La cultura condena al éxito, la riqueza es un pecado, reír una blasfemia. Las voces que oyes gimen sus miedos. Lees las noticias y reafirmas como cuando lees Historia, la peste de 1348, la guerra de los cien años, los bandoleros de los caminos, las inquisiciones. La obediencia se asocia al miedo, a un cuco, un fantasma que merodea pasa juzgarte.
“La humildad es un atributo de los buenos hombres”, otra creencia absurda. “Elude el autobombo, no te ames. Mirarte en el espejo es vanidad”. El martirio tiene más estatuas que la victoria, admiramos más el sufrimiento. Creemos razonable que se sucedan guerras, pestes, miseria y oscuridad. Nos formamos en el pesimismo. “Lo que es, será”. “El mérito no es una virtud”. Nos dicen que merecemos el castigo y no la abundancia. Tan mal se ve el éxito, que el palo encebado fue un juego en el Perú, que ensalzaba la imposibilidad de llegar. El jolgorio del fracaso ajeno comulga bien con la envidia del éxito de aquel al que le llegó.

Se nos forma en creer mal y es imposible no creer y que esa creencia no nos construya. Existe, así, una creencia en la superficie, tu ideología, tu opinión; y una muy profunda que determina lo que somos, que nos apresa o empobrece. Un adolescente encerrado en la pandemia, como San Juan de la Cruz y la noche oscura del alma, solo verá las tinieblas, sin darse por enterado que la vida es flexible y cambiante, que las sombras de hoy no dejan ver ese momento de diez o veinte años después cuando será feliz, famoso, premiado, amado y exuberante de gracias como una fronda primaveral.
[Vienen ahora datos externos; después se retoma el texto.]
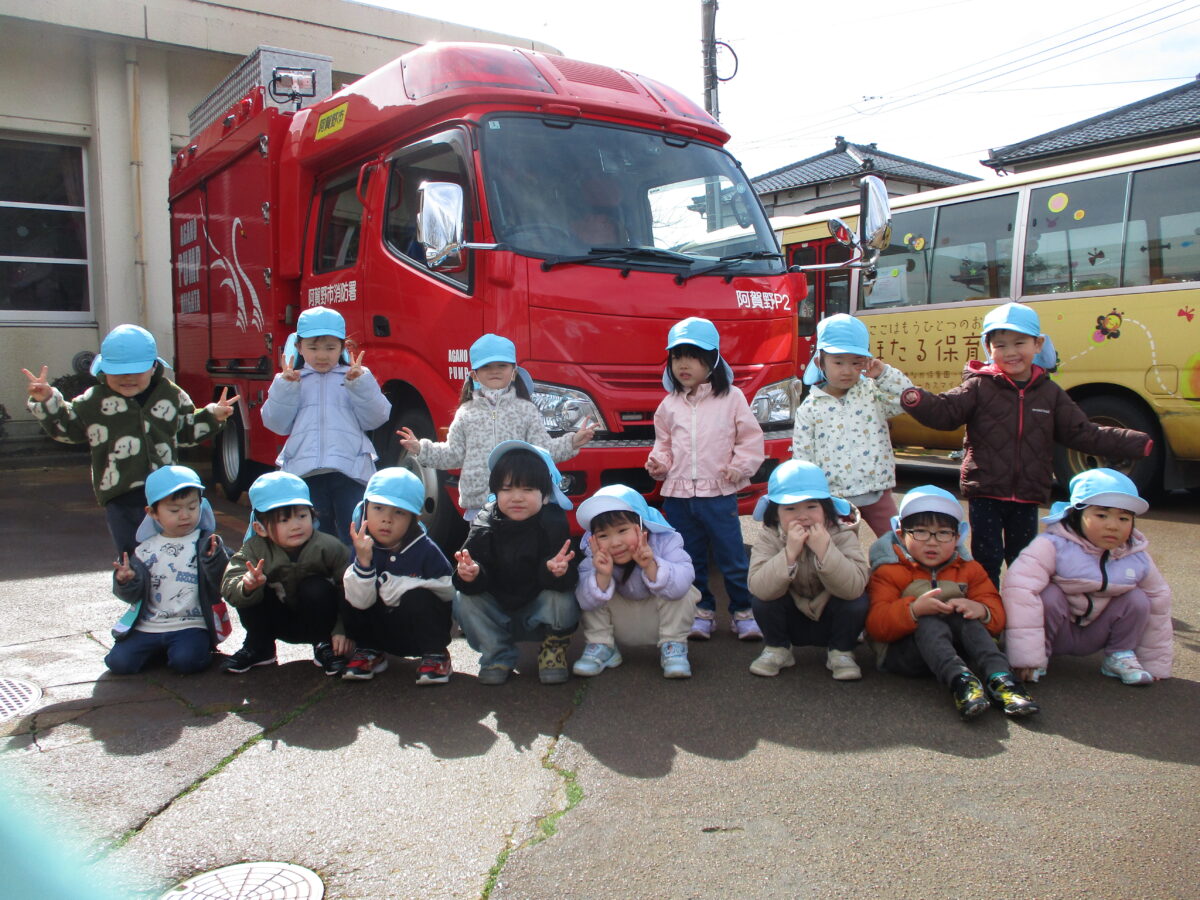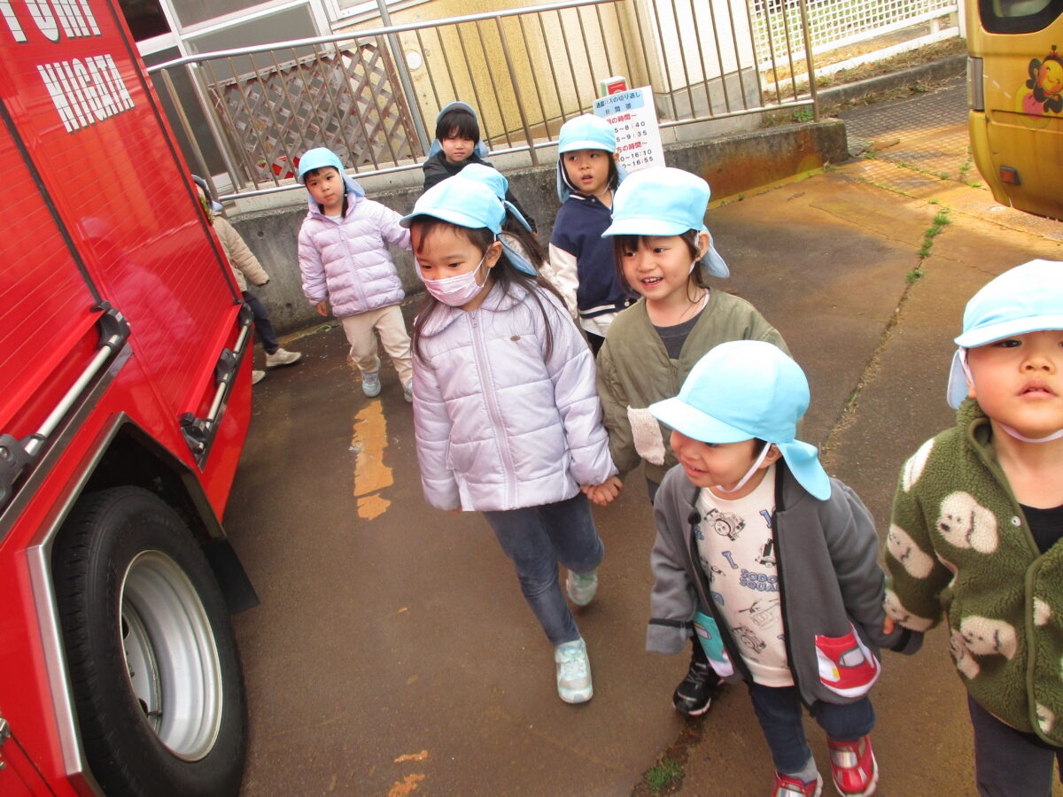 先日の避難訓練では消防署の方が来園し、紙芝居や防災映画を見せてもらいました。終了後には消防車を近くで見学もさせてもらいました!

“Mi vida es una porcata”, dice el adolescente. Consolida una creencia que resta a la opción contraria. “La vida son altibajos, instantes buenos y malos”, dice el padre, crispado. Otro error. ¿Y por qué la vida no podría ser feliz siempre? “Los finales felices no existen”, dice una azorada madre, pero ¿por qué no? No reparan que las reglas que materializan la vida rigen en nuestra mente y en nuestras palabras. Nos forman para el pesimismo, salvo en las matemáticas, que son acríticas. Se dice que para lograr el éxito hay que trabajar. ¿En serio? ¿Y si te digo que no? Cyril Connolly decía que la gordura es una enfermedad mental, el fracaso lo es. Eres lo que crees. Tú eliges.